On 3/8/2010 9:43 PM, John Posner wrote:
> On 3/8/2010 9:39 PM, John Posner wrote:
>
> <snip>

>> obj.id = y[i] <--- statement redundant, remove it

Sorry for the thrashing! It's more correct to say that the Tally class
doesn't require an "id" attribute at all. So the code becomes:

#---------
from collections import defaultdict

class Tally:
def __init__(self):
self.total = 0
self.count = 0

x = [1 ,2, 8, 5, 0, 7]
y = ['a', 'a', 'b', 'c', 'c', 'c']

# gather data
tally_dict = defaultdict(Tally)
for i in range(len(x)):
obj = tally_dict[y[i]]
obj.total += x[i]
obj.count += 1

# process data
result_list = []
for key in sorted(tally_dict):
obj = tally_dict[key]
mean = 1.0 * obj.total / obj.count
result_list.extend([mean] * obj.count)
print result_list
#---------

-John

Michael Rudolf

3/9/2010 10:30:00 AM

Am 08.03.2010 23:34, schrieb dimitri pater - serpia:
> Hi,
>
> I have two related lists:
> x = [1 ,2, 8, 5, 0, 7]
> y = ['a', 'a', 'b', 'c', 'c', 'c' ]
>
> what I need is a list representing the mean value of 'a', 'b' and 'c'
> while maintaining the number of items (len):
> w = [1.5, 1.5, 8, 4, 4, 4]

This kinda looks like you used the wrong data structure.
Maybe you should have used a dict, like:
{'a': [1, 2], 'c': [5, 0, 7], 'b': [8]} ?

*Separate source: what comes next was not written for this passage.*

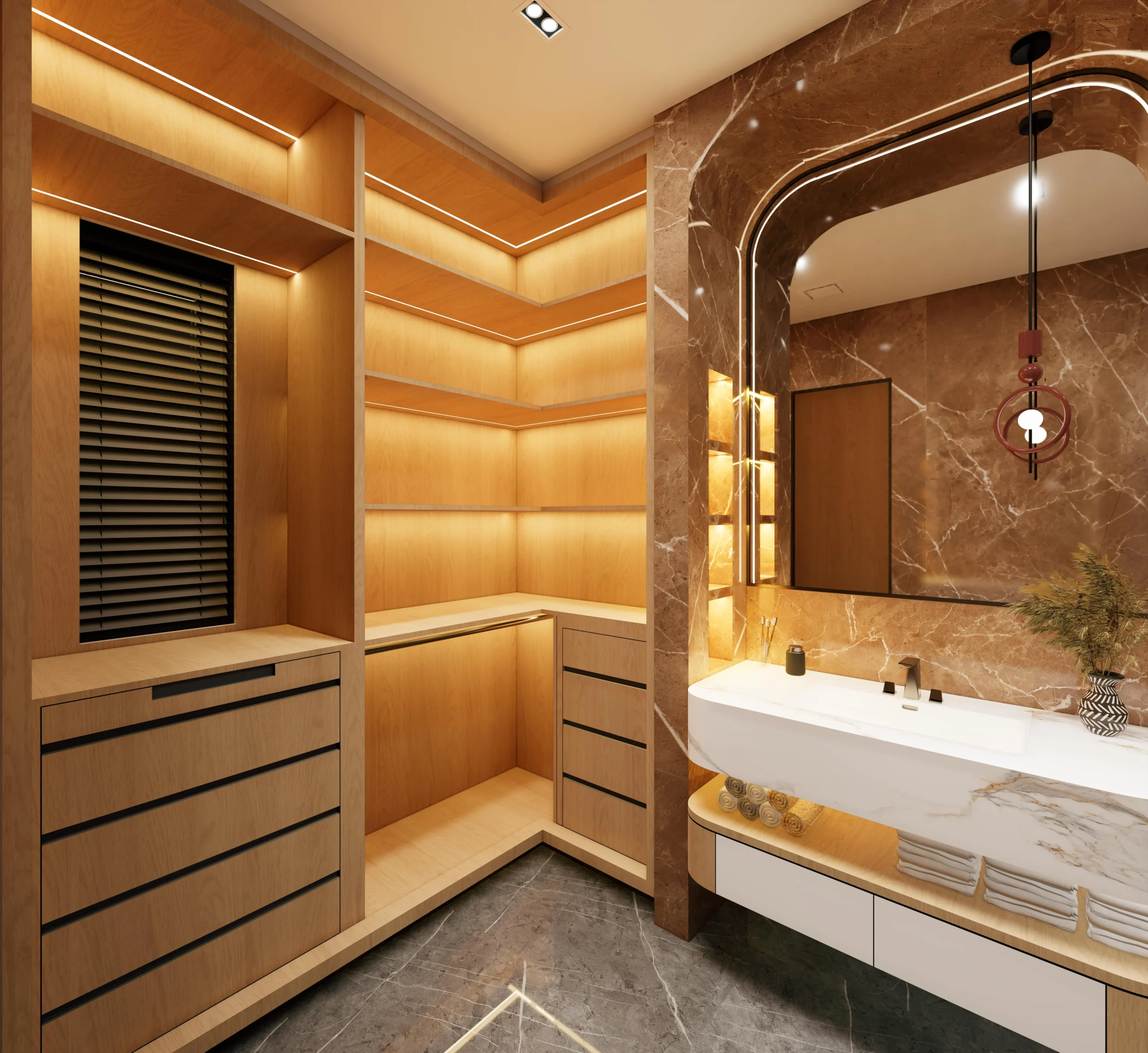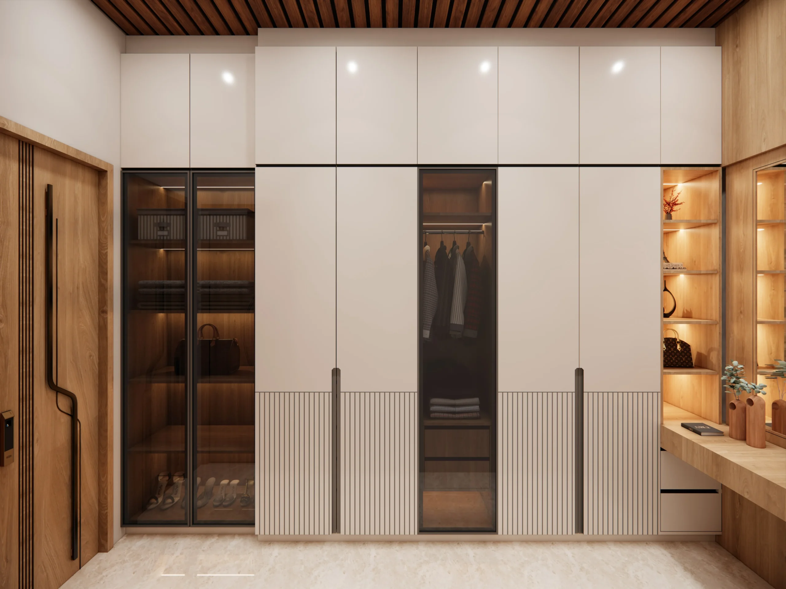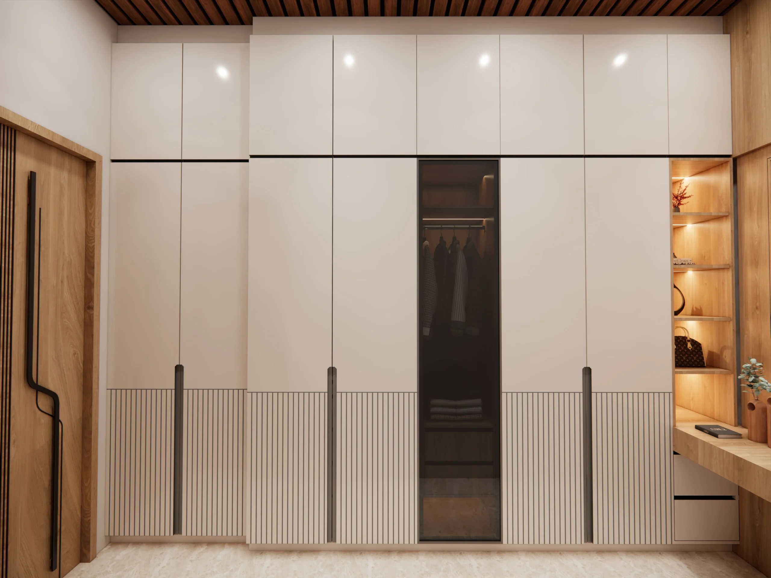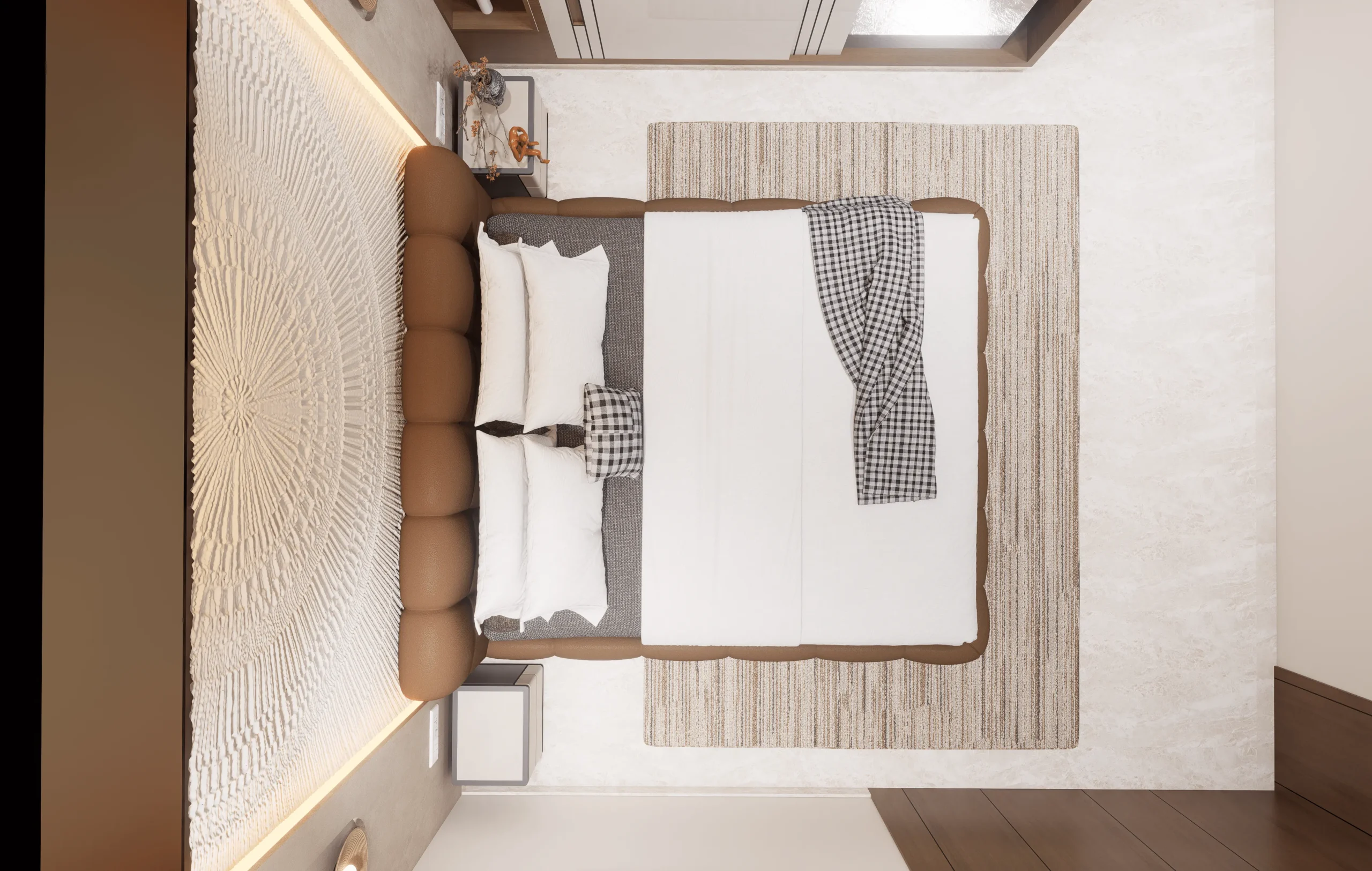 These bedroom interiors are designed with a focus on calm aesthetics, soft forms, and everyday comfort. Neutral tones are paired with warm wood finishes to create a soothing and cohesive visual language across the spaces.

> I have looked at iter(tools) and next(), but that did not help me. I'm
> a bit stuck here, so your help is appreciated!

As said, I'd have used a dict in the first place, so lets transform this
straight forward into one:

x = [1 ,2, 8, 5, 0, 7]
y = ['a', 'a', 'b', 'c', 'c', 'c' ]

# initialize dict
d={}
for idx in set(y):
d[idx]=[]

#collect values
for i, idx in enumerate(y):
d[idx].append(x[i])

print("d is now a dict of lists: %s" % d)

#calculate average
for key, values in d.items():
d[key]=sum(values)/len(values)

print("d is now a dict of averages: %s" % d)

# build the final list
w = [ d[key] for key in y ]

print("w is now the list of averages, corresponding with y:\n \
\n x: %s \n y: %s \n w: %s \n" % (x, y, w))

Output is:
d is now a dict of lists: {'a': [1, 2], 'c': [5, 0, 7], 'b': [8]}
d is now a dict of averages: {'a': 1.5, 'c': 4.0, 'b': 8.0}
w is now the list of averages, corresponding with y:

x: [1, 2, 8, 5, 0, 7]
y: ['a', 'a', 'b', 'c', 'c', 'c']
w: [1.5, 1.5, 8.0, 4.0, 4.0, 4.0]

Could have used a defaultdict to avoid dict initialisation, though.
Or write a custom class:

x = [1 ,2, 8, 5, 0, 7]
y = ['a', 'a', 'b', 'c', 'c', 'c' ]

class A:
def __init__(self):
self.store={}
def add(self, key, number):
if key in self.store:
self.store[key].append(number)
else:
self.store[key] = [number]
a=A()

# collect data
for idx, val in zip(y,x):
a.add(idx, val)

# build the final list:
w = [ sum(a.store[key])/len(a.store[key]) for key in y ]

print("w is now the list of averages, corresponding with y:\n \
\n x: %s \n y: %s \n w: %s \n" % (x, y, w))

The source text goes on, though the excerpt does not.